▸ **What you need to do**
The string "Club" may appear in lines of the entries below. Report how many lines hold it, with only the number.

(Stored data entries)

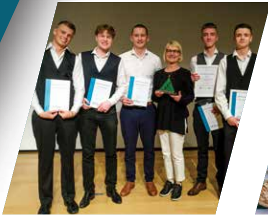
HAF vítamín Iceland
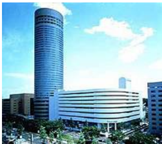
Shin-Yokohama Prince Hotel

Website: http://www.daiwaroynet.jp/english/index.html
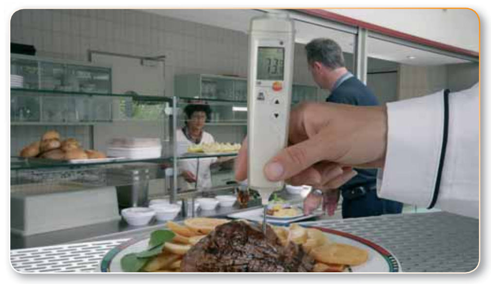
Testo 106 Ultimate Penetration Thermometer

Testo's ultimate penetration thermometer is ideal for quick and uncomplicated core temperature checks in all areas of food production, preparation and storage.
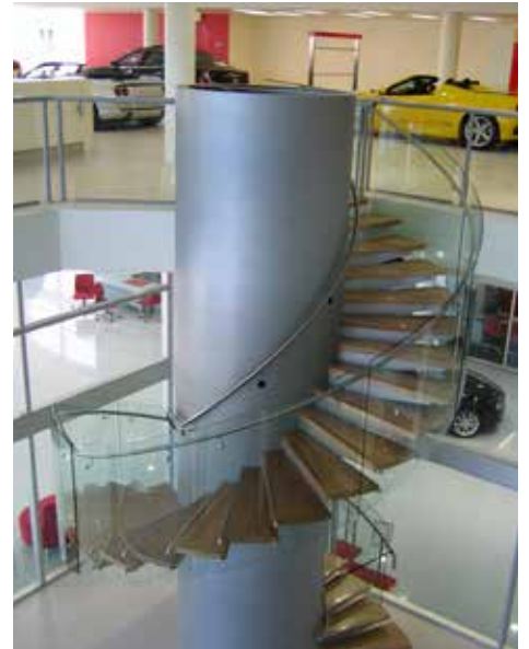
12mm clear toughened curved glass cantilever panels on stainless steel stand off patch fittings side fixed balustrade panels
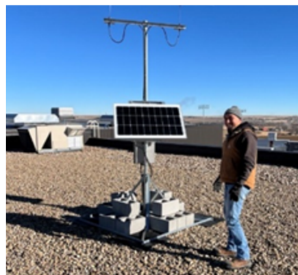
*Replacement of a DCU on Roosevelt Middle School roof
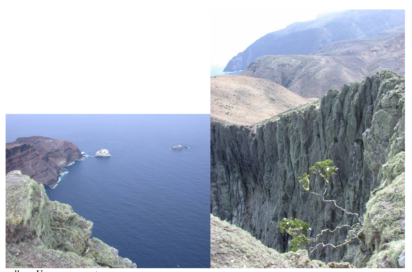
yellow: Usnea exasperata

Additional localities, not studied in detail (also by A. Aptroot in Oct. 2006)
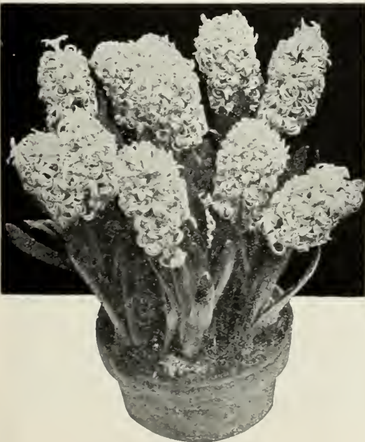
A Pot of Single Hyacinths
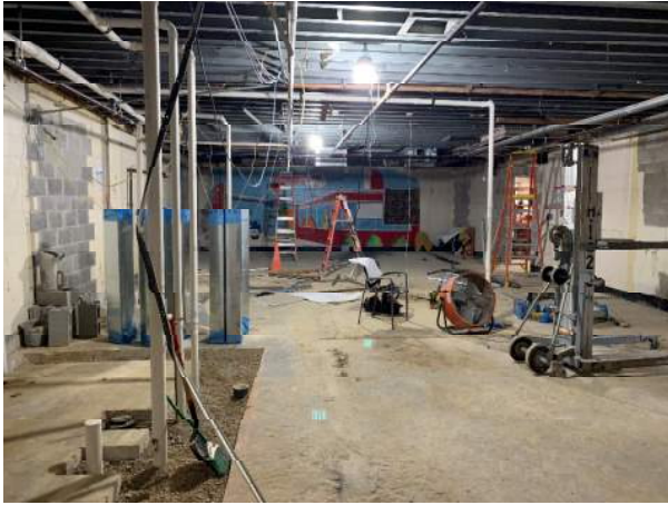
New administration suite (former kitchen)
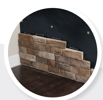
2 Continue putting your ClipStone piece up one at a time. Just like Except this time, it's you.
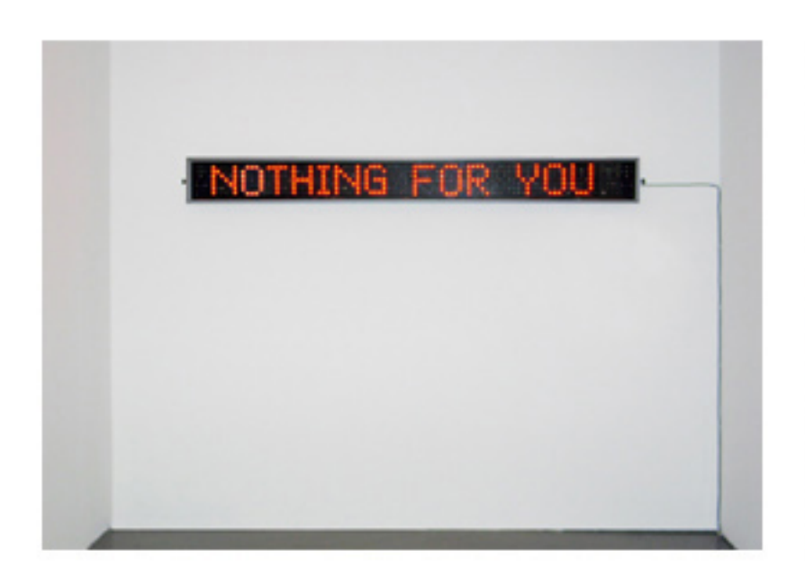
Nothing List, 2006
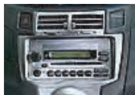
AM/FM/CD Player Base Grade (S, LB) $445.00
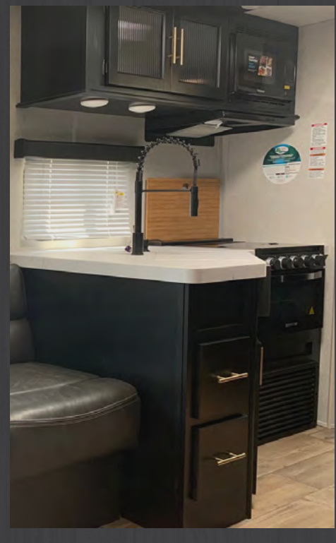
Chef Select Black Stainless Steel Kitchen Suite Package
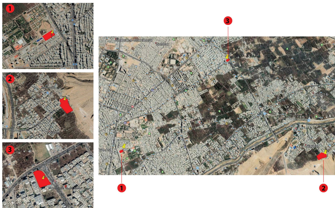
Figure 1. Locations of the selected sites in Shiraz: 1) Be'sat, 2) Niayesh, 3) Ghoddosi.
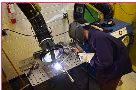
A student works on his welding assignment.
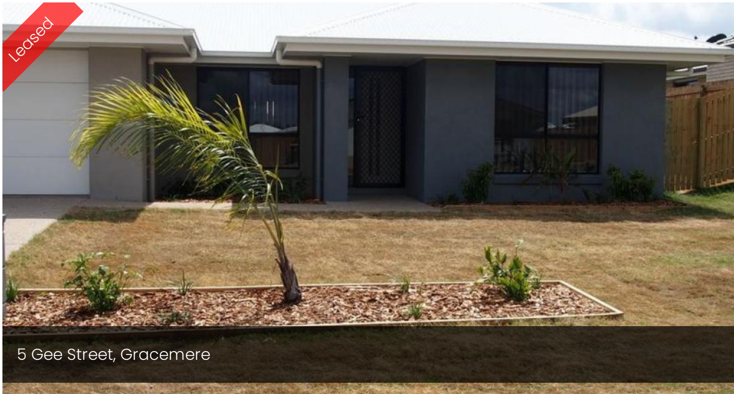
5 Gee Street, Gracemere
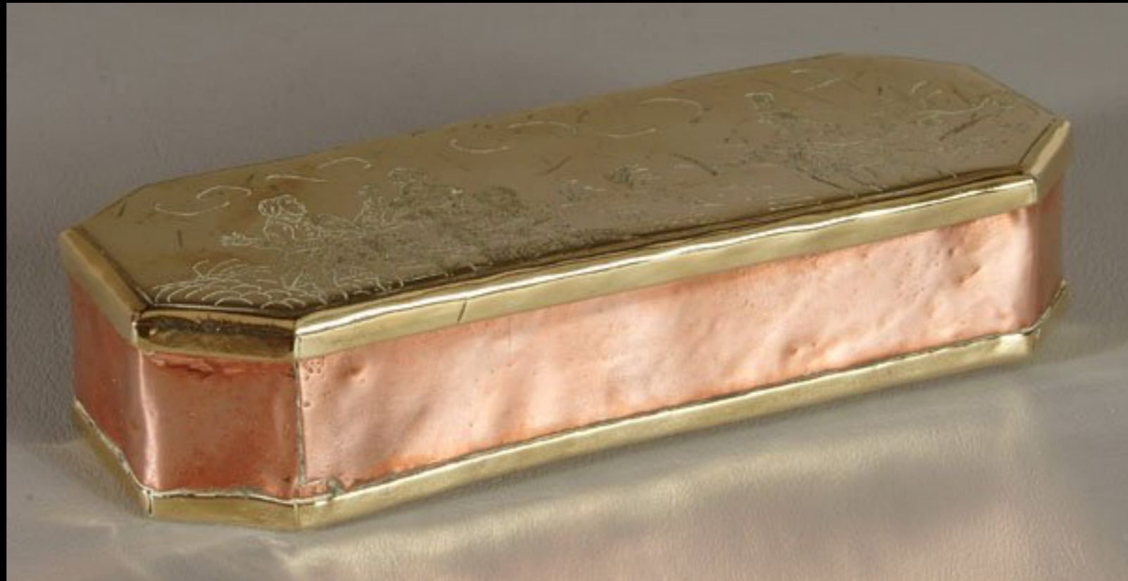
Brass & Copper Tobacco Box with an Abolitionist Theme Late 18th Century (Brunk Auctions)
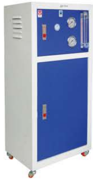
50 LPH RO Plant Covered
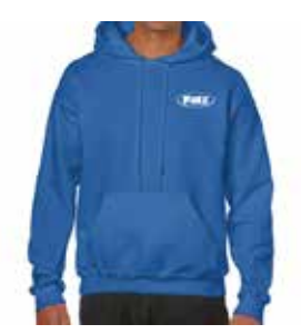
18500 Heavy Blend™ Hooded Sweatshirt 8-ounce, 50/50 cotton/poly

Colors: Dress Blue Navy (Shown), Black, Battleship Grey, Marshmallow
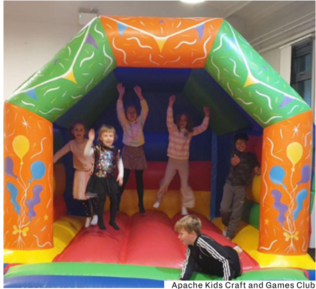
Apache Kids Craft and Games Club

The Apache Kids Club is open on Fridays from 5:30 pm to 7:00 pm. If your child would like to join in on the fun, please feel free to reach out by emailing apachekidsclub@outlook.com or visiting brentcross town.co.uk for more information. Let's come together to create lasting memories for our children and support this amazing community initiative.
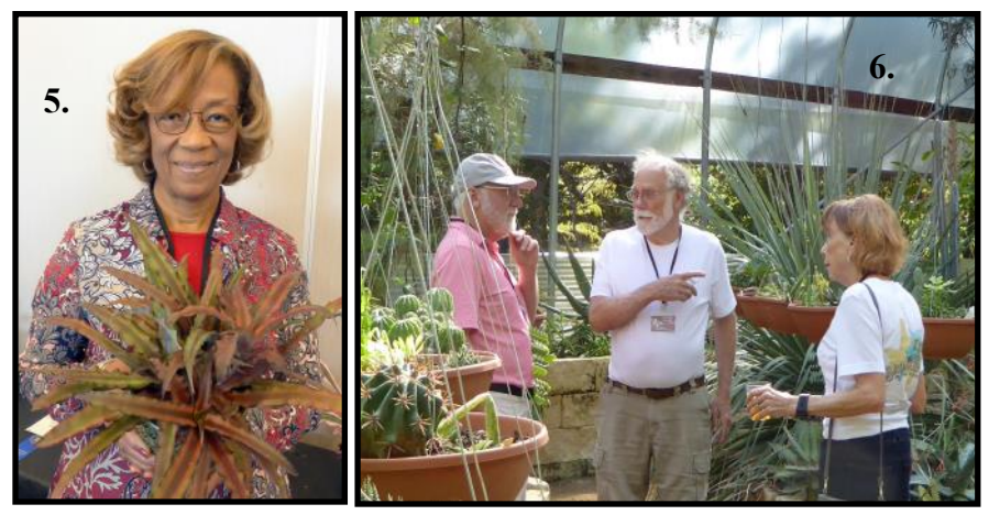
Cryptanthus Society Journal Vol. XXXVIII No. 4 Oct-Dec 2023
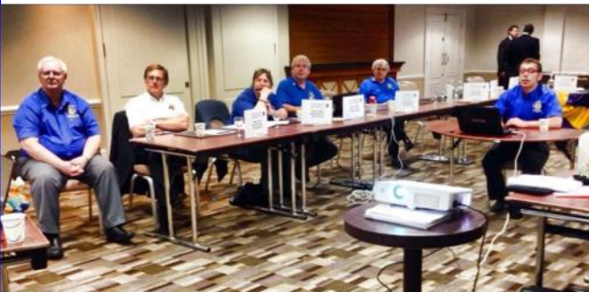
Running a training session at Council

All of these showed that we can use technology to make meetings more efficient throughout the MD and in the districts. As far as this weekend was concerned we shortened the business sessions allowing time for training sessions on Skype and using Survey Monkey.
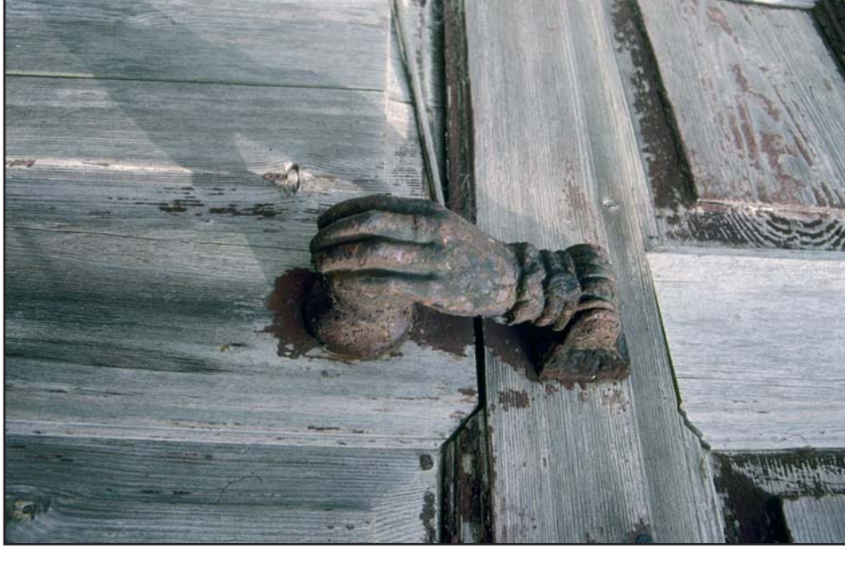
Plate 6: Front door in Georgian extension
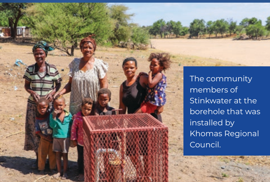
The community members of Stinkwater at the borehole that was installed by Khomas Regional Council.

The Regional Council allocated a total budget of N$1.7 Million for drilling and installing boreholes.

▸ **Exercise answer**
2